Evaluate $\int_{-\infty}^{\infty}\int_{-\infty}^{\infty}e^{-\frac{1}{2}(x^2-xy+y^2)}dx\, dy$

I need to evaluate the following integral:

$$\int_{-\infty}^{\infty}\int_{-\infty}^{\infty}e^{-\frac{1}{2}(x^2-xy+y^2)}dx\, dy$$

I thought of evaluating the iterated integral $\displaystyle\int_{-\infty}^{\infty}dx\int_{-\infty}^{\infty}e^{-\frac{1}{2}(x^2-xy+y^2)}dy$, but because of the presence of $x^2$ and $y^2$ terms, I am not being able to do that.

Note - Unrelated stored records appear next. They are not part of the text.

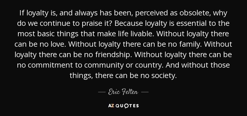 If loyalty is, and always has been, perceived as obsolete, why do we continue to praise it? Because loyalty is essential to the most basic things that make life livable. Without loyalty there can be no love. Without loyalty there can be no family. Without loyalty there can be no friendship. Without loyalty there can be no commitment to community or country. And without those things, there can be no society.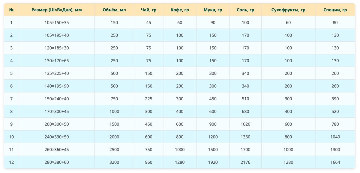 Сколько поместится в doy-pack чая, кофе, жидкости, сухофруктов?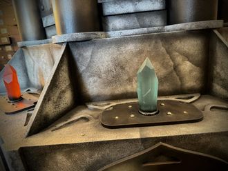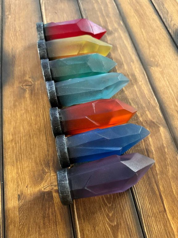 There are special recesses around the Fountain. The task of the players is to insert crystals in the correct color order (crystals can be replaced with horcruxes). When the task is done correctly, a cache will open in the Fountain.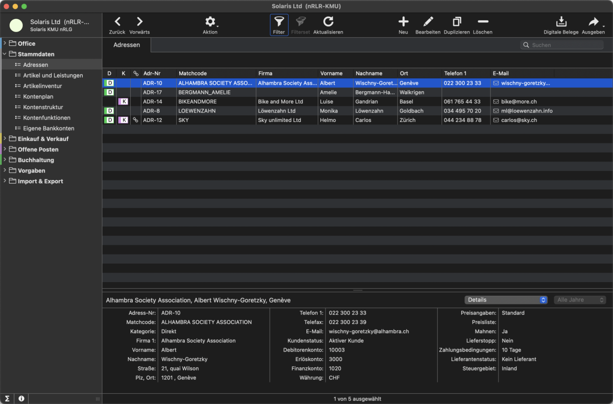 Dank der Nutzung von Stammdaten aus dem Adressbereich, einschliesslich aller Bankinformationen, sind sämtliche relevanten Daten in der Datenbank gespeichert. Mit dieser Funktion haben Sie für neue oder wiederkehrende Rechnungen jederzeit alle Informationen griffbereit und können diese bequem abrufen und bei Bedarf duplizieren. So bleibt Ihre Buchhaltung nicht nur zum Jahresende aktuell, sondern wird auch nach jeder Buchung stets auf dem neuesten Stand gehalten.
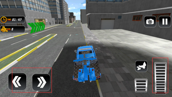 3、駕駛拖車(chē)行駛在城市道路時(shí),利用左右方向鍵控制方向,右側(cè)加速鍵控制速度,沿著綠色箭頭指引的路線前進(jìn)。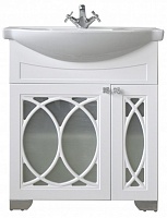 Тумба под раковину Доминикана 65: распашной фасад с вставками из отпескоструенного стекла.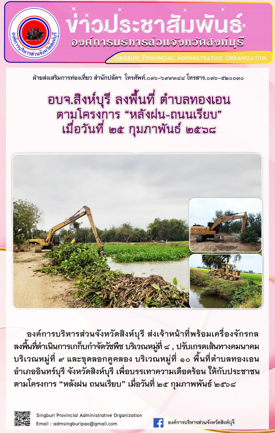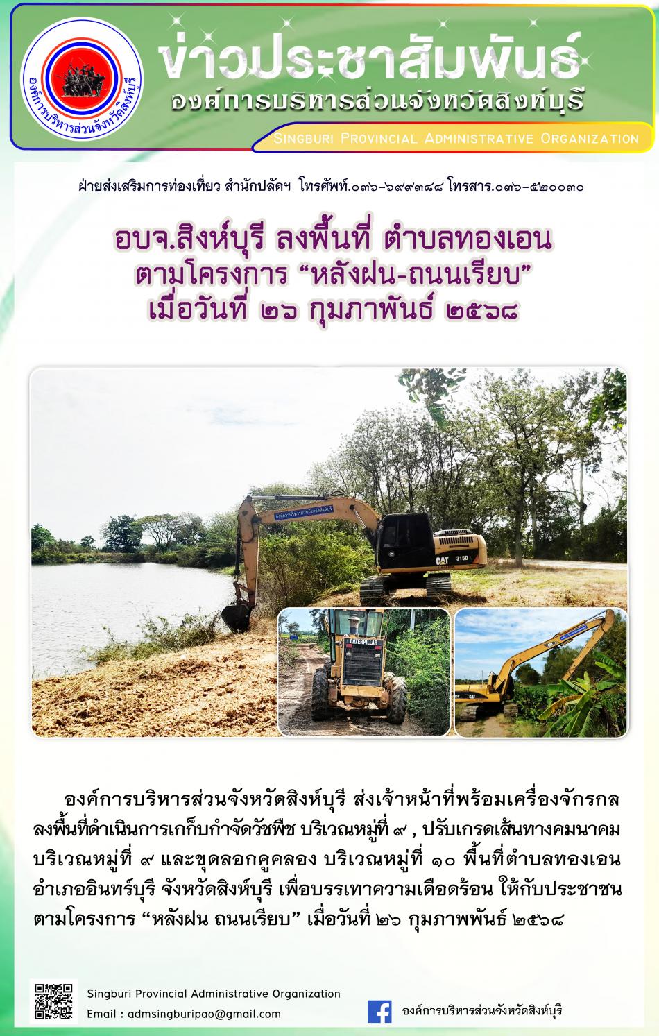อบจ.สิงห์บุรี ลงพื้นที่ ตำบลทองเอน ตามโครงการ "หลังฝน - ถนนเรียบ" [26 กุมภาพันธ์ 2568]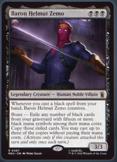 Conniveโs a great mechanic to see on a villain like Baron Helmut Zemo. It fits into typical black devotion shells and feels like an incredible finisher for an all-in black deck. Boast might be a one-off here, but it's an appropriate addition to this card.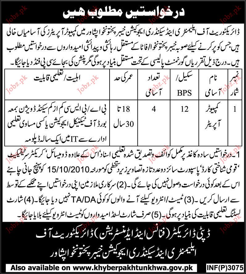 Apply as per details in job advertisement. Login to view further details of how to apply via https://www.jobz.pk online.
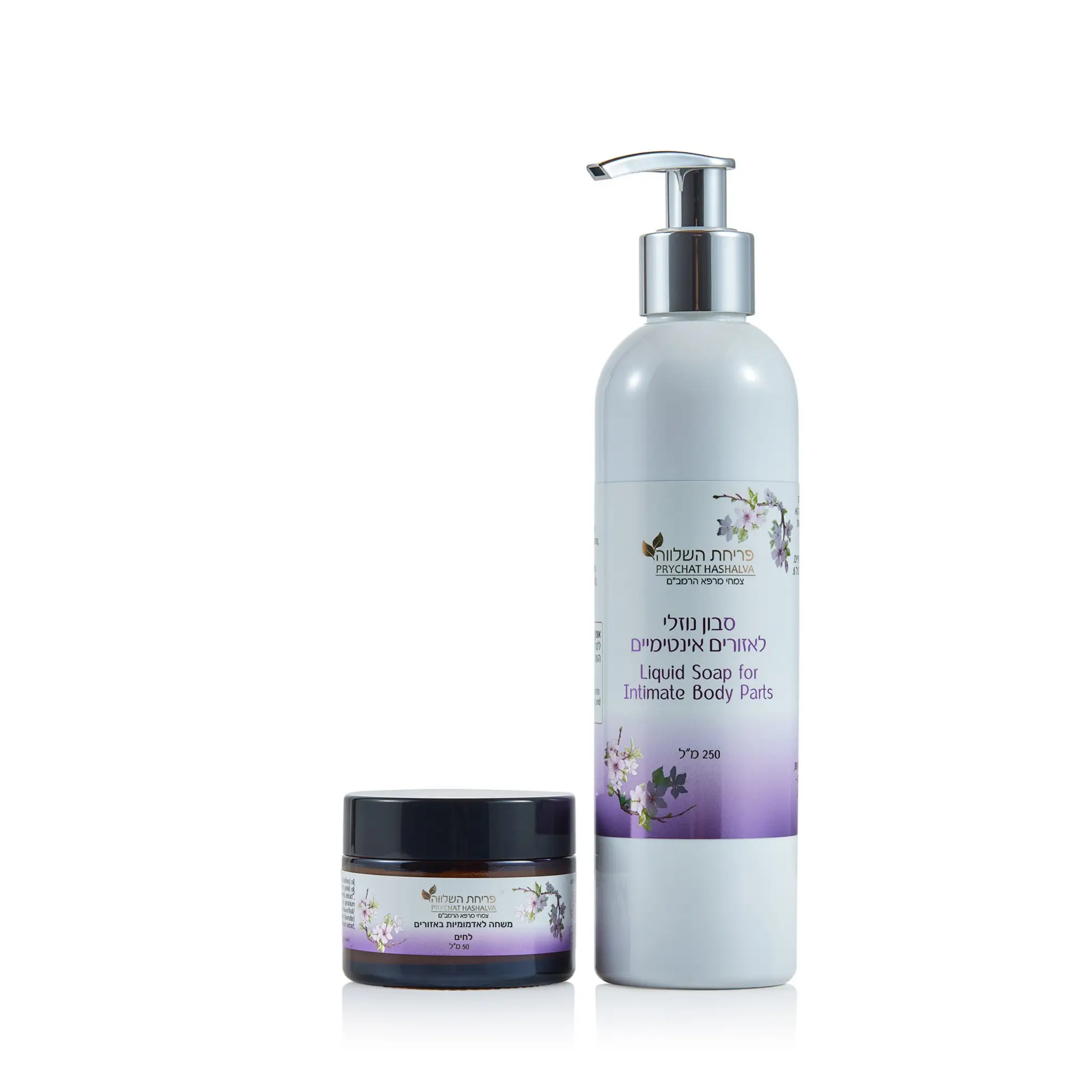ערכה לאזורים אינטימיים – מרכיבים טבעיים עדינים, המשחה והסבון האינטימיים לשטיפה אינטימית, מסייעים בשמירה על ניקיון, איזון לחות, רעננות לריחות לא נעימים, תוך הזנה והגנה טבעית של העור והיגיינה יומיומית.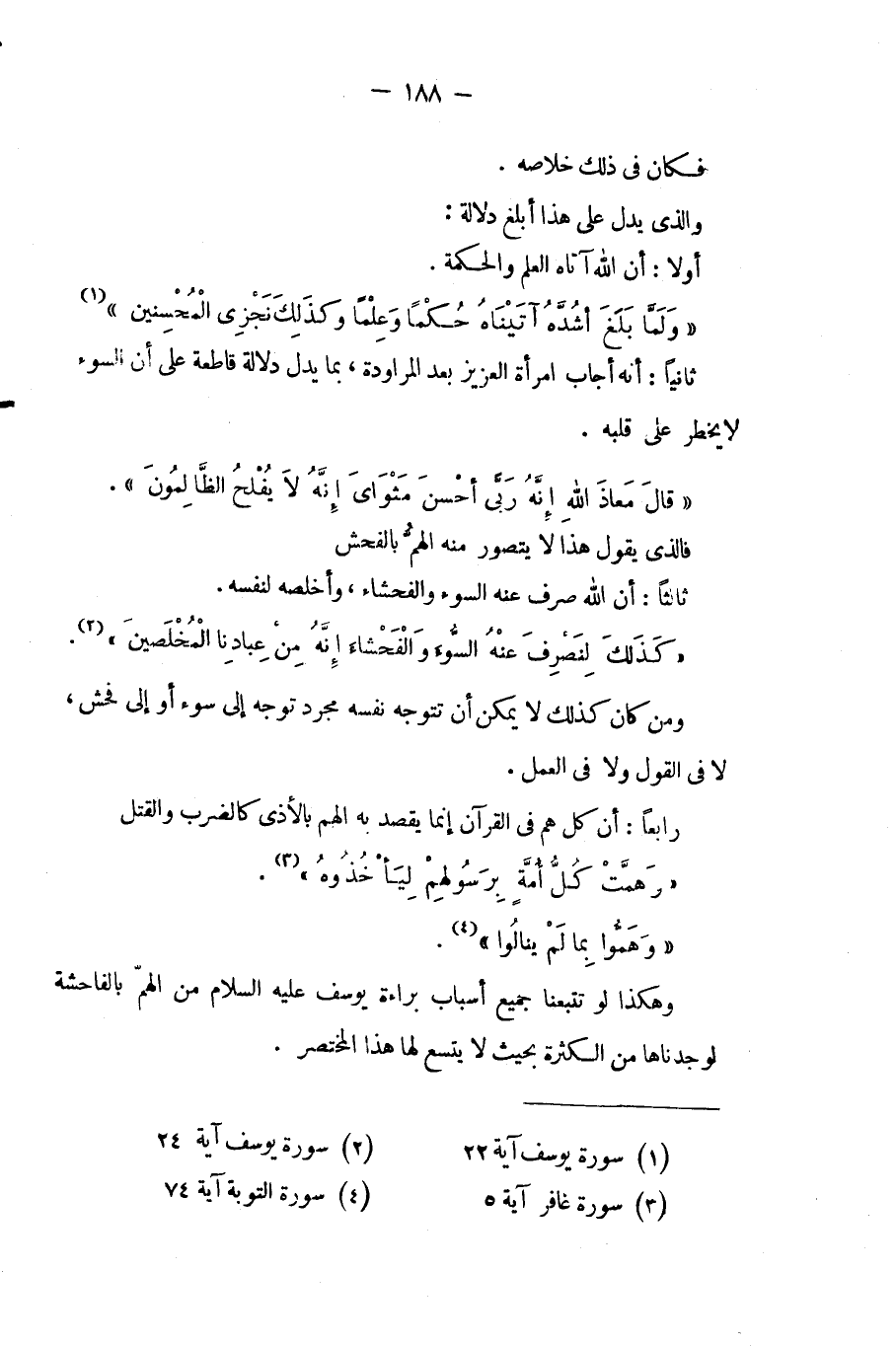 {كَذَلِكَ لِنَصْرِفَ عَنْهُ السُّوءَ وَالْفَحْشَاءَ إِنَّهُ مِنْ عِبَادِنَا الْمُخْلَصِينَ} (¬3).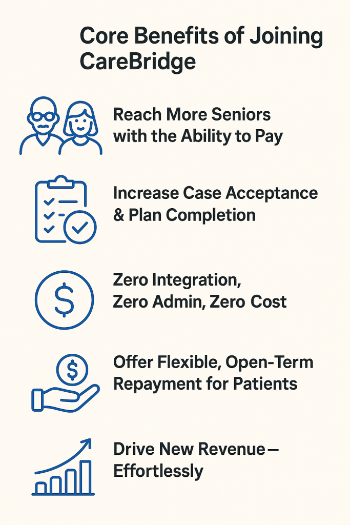 CareBridge™ is a senior care payment and financing network powered by life insurance–backed credit. It removes the financial barriers that delay or prevent care, giving providers guaranteed upfront payment, pre-approved clients ready to begin, and recurring income with zero admin or cost. By aligning provider revenue with patient access, CareBridge™ delivers a frictionless way to grow—while enabling more seniors to receive the care they need, when they need it.

I tried substituting $x=r\cos \theta$ and $y=r\sin \theta$ but in that case I have some confusion regarding the limits of $r$ and $\theta$. Can I get some help?

Solution 1:

Recall: $$x^2-xy+y^2=(x-\frac{1}{2}y)^2+\frac{3}{4}y^2$$ With that you get: $$\int_{-\infty}^\infty\int_{-\infty}^\infty e^{-\frac{1}{2}(x^2-xy+y^2)}dxdy=\\\int_{-\infty}^\infty\int_{-\infty}^\infty e^{-\frac{1}{2}\left((x-\frac{1}{2}y)^2+\frac{3}{4}y^2\right)}dxdy=\\ \int_{-\infty}^\infty\int_{-\infty}^\infty e^{-\frac{1}{2}\left(x'^2+\frac{3}{4}y^2\right)}dx'dy=\\ \int_{-\infty}^\infty\int_{-\infty}^\infty e^{-\frac{1}{2}x'^2}dx'e^{-\frac{3}{8}y^2}dy=\\ \int_{-\infty}^\infty\sqrt{2\pi}e^{-\frac{3}{8}y^2}dy=\\ \sqrt{2\pi}\sqrt{\frac{8}{3}\pi}=\frac{4}{\sqrt{3}}\pi $$

Solution 2:

The general gaussian integration formula is $$\int_{-\infty}^{\infty}\ldots\int_{-\infty}^{\infty} e^{-\frac12 x^T Ax}dx_1\ldots dx_n=\frac{(2\pi)^{\frac{n}{2}}}{\sqrt{\operatorname{det}A}}.$$ In your case, $n=2$ and $A=\left(\begin{array}{cc} 1 & -1/2 \\ -1/2 & 1\end{array}\right)$.